What I want to know is if Canal+ is the same satellite that beams all those German channels channels with BBC, CNN, Sky news etc.... We can receive those channels and there is a list of locked Canal channels so would all we have to do is buy the disc from Carrefour and set up an account to get Canal+?

They do show PL but how much and if it's live I don't know.


----------



## Alcalaina (Aug 6, 2010)

Aron said:


> Has anyone experience with Spanish satellite TV, how much does it cost, do they have football, Spanish and or English leagues. Are there any programs that have English subtitles, or English speaking.
> Years ago they had Premier League football twice a week on terrestrial TV. I enjoyed the commentary which was in Spanish, and it did help with my Spanish lessons.


Yes, Canal+ Deportes shows Premier League matches. I think it's €30 a month for the package which includes other things.

Canal+ es Premier League en la casa del fútbol

You don't have to have paid-for channels to watch programmes originally made in English. There are loads of films and series on the regular TDT channels. Just turn off the Spanish overdubbing with your remote to watch them in the original language.


----------



## Pazcat (Mar 24, 2010)

Just looking at the Canal+ site is says it shows all 10 games this weekend.


----------



## Aron (Apr 30, 2013)

Pazcat said:


> Just looking at the Canal+ site is says it shows all 10 games this weekend.


Interesting to know that. Football is great for me, but it's my wife that watches most TV and I would like to know more in the way of other content.
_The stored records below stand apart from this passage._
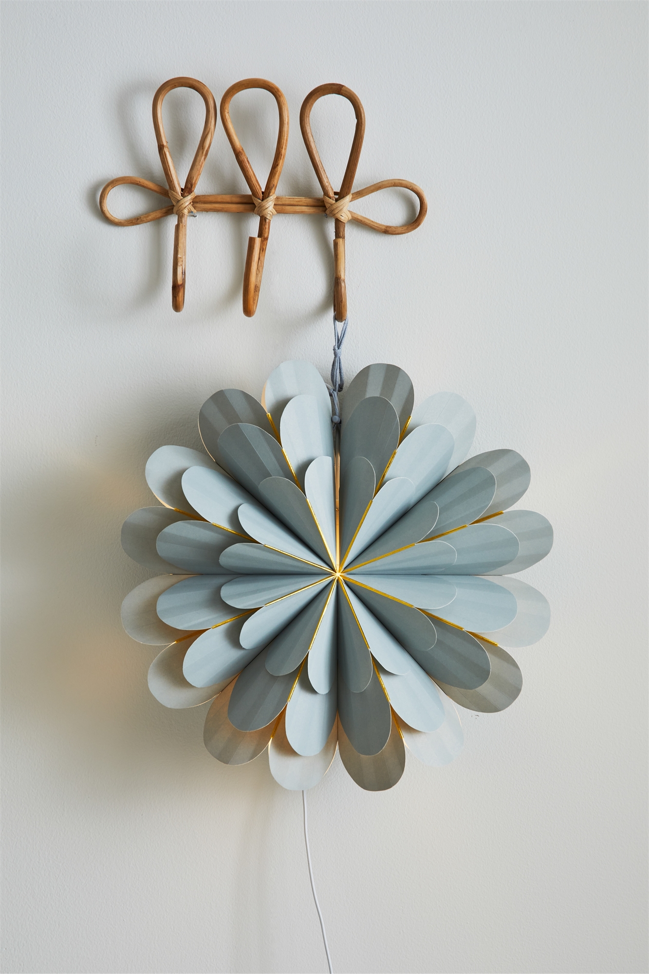 Розовый оконный светильник с бумажным абажуром в форме цветка. Плиссированная бумага дает красивое свечение. Для лампы требуется лампочка с маленьким цоколем (E14) мощностью не более 25 Вт или эквивалентная светодиодная лампа, в комплект не входит. Белый кабель длиной 3,5 м с выключателем. Размер лампы: 45 см в ширину, 19 см в глубину, 45 см в высоту.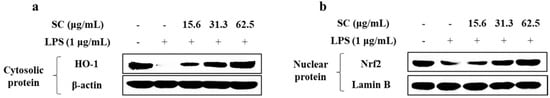 2.4. SC Mitigates LPS-Induced Inflammation via Modulating the Nrf2/HO-1 Signaling Pathway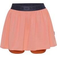 Ola is a coral red skort with a dark blue elastic waist that has a printed text. It has orange shorts under the skirt, which makes it extremely versatile. Ola is part of Molo's new sports collection, which helps integrate sports and fashion. The skort is comfortable and made in technical materials. Molo’s sports collection is created with a unique, high performance technology called HeiQ Smart Temp, which supports the body's own ability to cool down. The cool down function is activated when the body gets warm and sweaty, and then turns off when the body has cooled down. HeiQ Smart Temp ensures optimal comfort and performance. It has been independently tested to ensure that it is safe for the skin.

She is easily pleased, which is just as well being married to me!


----------



## Pazcat (Mar 24, 2010)

They seem to have a good selection of everything if you go to the tv guide section and scroll through the channels.
I can't make heads or tales of the rest of the site though so gave up.


----------



## gus-lopez (Jan 4, 2010)

What does Gol tv show as I thought Gol tv showed all the football now ?


----------



## Dunpleecin (Dec 20, 2012)

gus-lopez said:


> What does Gol tv show as I thought Gol tv showed all the football now ?


I have Gol Television. Gol is a subscription based TDT service, not satellite (don't think you can get it on satellite but I could be wrong). When I got Gol it was on offer and I got the Premium TDT box with the subscription. You need a viewing card to watch it so you can't watch it with a normal box that doesn't take a card. 

Gol shows every La Liga game live every weekend except one which is exclusive to canal+ I presume. They also show the Saturday lunchtime English Premier League game live and the Sunday lunchtime EPL game and the Monday night EPL game. They will also show the EPL game when it doesn't clash with La Liga. In addition, on Gol Stadium which is accessed via the website, they show all the other EPL games. Again I think one per weekend is exclusive to canal+ 

In addition to La Liga they also show live games from leagues around the world. They also have programmes such as Manchester City tv, arsenal tv and Chelsea tv. These are in Spanish and appear to be a collection of stuff from the clubs websites. It is in Manchester city's case anyway. 

Gol costs me just short of 22€ per month which I find is quite good for all the football that's on.


----------



## sat (Jul 20, 2008)

Pazcat said:


> Just looking at the Canal+ site is says it shows all 10 games this weekend.


It does not show all PL games live.
They show one 3pm KO only, like the rest of the EU broadcasters.
But sometimes they do multiscreen and dip in an out of other games if a goal occurs.
But I do think they show most games on a delayed or highlights basis.

This weekend Canal+ are showing live
Manure v arsenal
Chelsea v Palace
Ull v Stoke - the game of the weekend!
and all three Sunday matches.


----------